[Records from a data collection]
'''

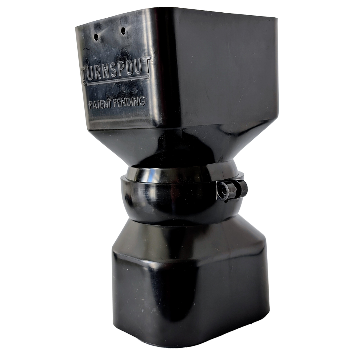 Never let a downspout get in the way again with the TurnSpout; the directional downspout connector. Made of high-density polyethylene for years of service. Easy to install in minutes. The adjustable and lockable elbow joint rotates 360 degrees and lifts or lowers up to 25 degrees; eliminating the inconveneince of having to stop and remove the downspout. Garden work is made easier and managing the direction of drainage water is greatly simplified. TurnSpout provides a game-changing solution for managing water drainage around homes; buildings and properties; a necessity today with the heightened concern over flooding and drainage. Invented and made in Canada.
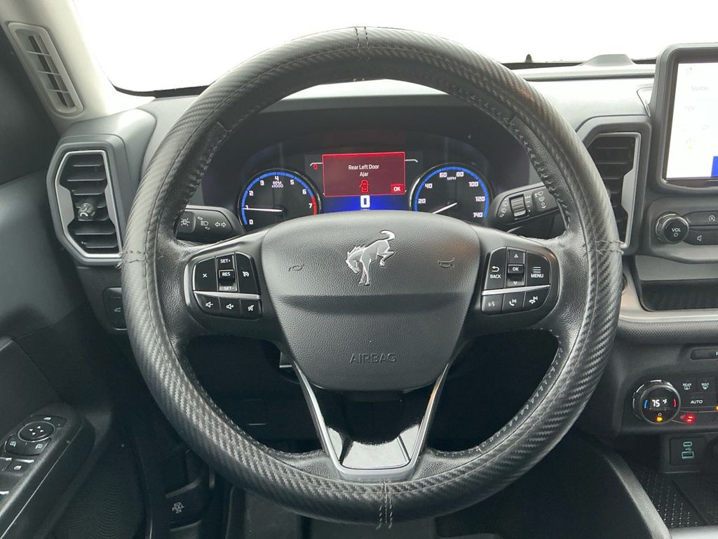 2021 Ford Bronco Sport Outer Banks Gray Outer Banks 4WD 8-Speed Automatic 1.5L EcoBoost 3.80 Axle Ratio, 4-Wheel Disc Brakes, 6 Speakers, ABS brakes, Air Conditioning, Alloy wheels, AM/FM radio: SiriusXM, AM/FM Stereo, Auto High-beam Headlights, Auto-dimming Rear-View mirror, Automatic temperature control, Brake assist, Compass, Delay-off headlights, Driver door bin, Driver vanity mirror, Dual front impact airbags, Dual front side impact airbags, Electronic Stability Control, Emergency communication system: SYNC 3 911 Assist, Equipment Group 300A, Exterior Parking Camera Rear, Four wheel independent suspension, Front & Rear Floor Liners w/Carpet Mats, Front anti-roll bar, Front Bucket Seats, Front Center Armrest, Front dual zone A/C, Front fog lights, Front reading lights, Fully automatic headlights, Heated door mirrors, Heated front seats, Heated steering wheel, Illuminated entry, Knee airbag, Leather Trimmed Heated Sport Contour Bucket Seats, Low tire pressure warning, Occupant sensing airbag, Outside temperature display, Overhead airbag, Overhead console, Panic alarm, Passenger door bin, Passenger vanity mirror, Power door mirrors, Power driver seat, Power passenger seat, Power steering, Power windows, Radio data system, Rain sensing wipers, Rear anti-roll bar, Rear Parking Sensors, Rear reading lights, Rear seat center armrest, Rear window defroster, Rear window wiper, Remote keyless entry, Roof rack: rails only, Security system, SiriusXM Radio, Speed control, Speed-sensing steering, Speed-Sensitive Wipers, Split folding rear seat, Steering wheel mounted audio controls, SYNC 3 Communications & Entertainment System, SYNC 3/Apple CarPlay/Android Auto, Tachometer, Telescoping steering wheel, Tilt steering wheel, Traction control, Trip computer, Variably intermittent wipers, Wheels: 18" Ebony Black-Painted Aluminum.
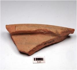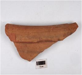 | Description / विवरण | A fragment of storage jar of red ware treated with red slip on the exterior has elliptically collared rim , concave neck, and painted with horizontal band on rim and below in black pigment. |
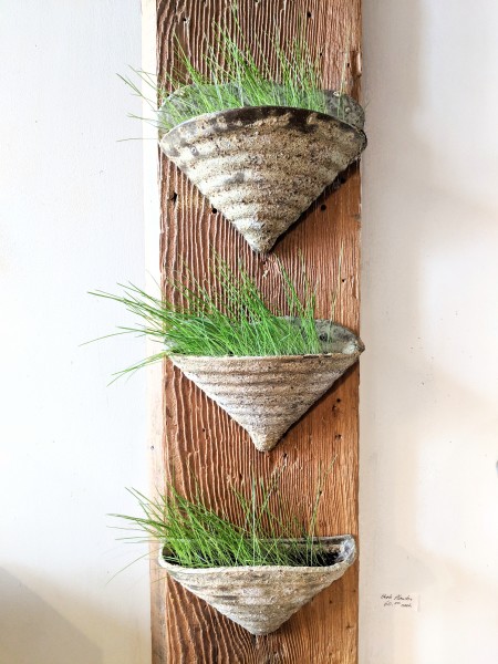 I make bowls, plates/saucers, mugs, tea pots, sushi platters, yarn bowls, and also unique planters in various forms, textures and geometry for those indoor gardeners or those wanting to grow edible greens indoors.
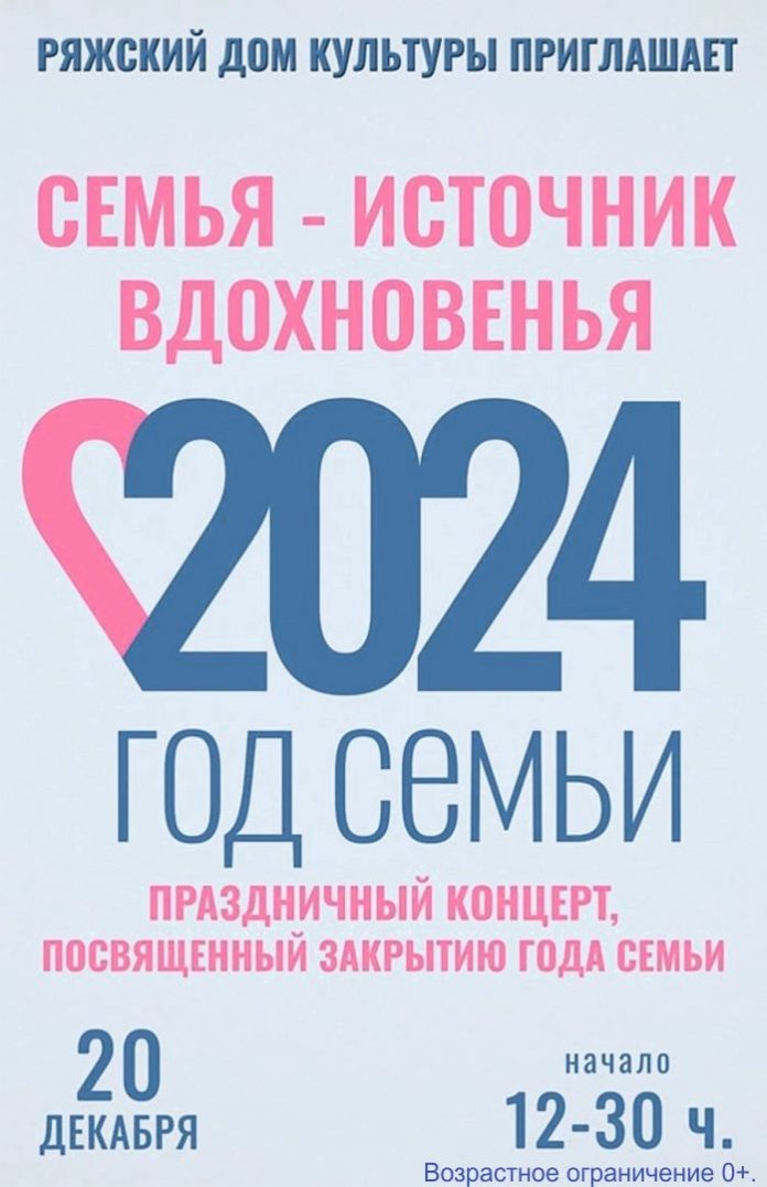 20 декабря в Ряжском Доме культуры состоится концерт, посвященный закрытию Года семьи.

'''

__ASSIGNED TASK__.
Pictures must be left out. Repeat exactly the lines from the one containing "black pigment. |" through the final line of the data.

__EXERCISE OUTPUT__.
 | Description / विवरण | A fragment of storage jar of red ware treated with red slip on the exterior has elliptically collared rim , concave neck, and painted with horizontal band on rim and below in black pigment. |
 I make bowls, plates/saucers, mugs, tea pots, sushi platters, yarn bowls, and also unique planters in various forms, textures and geometry for those indoor gardeners or those wanting to grow edible greens indoors.
 20 декабря в Ряжском Доме культуры состоится концерт, посвященный закрытию Года семьи.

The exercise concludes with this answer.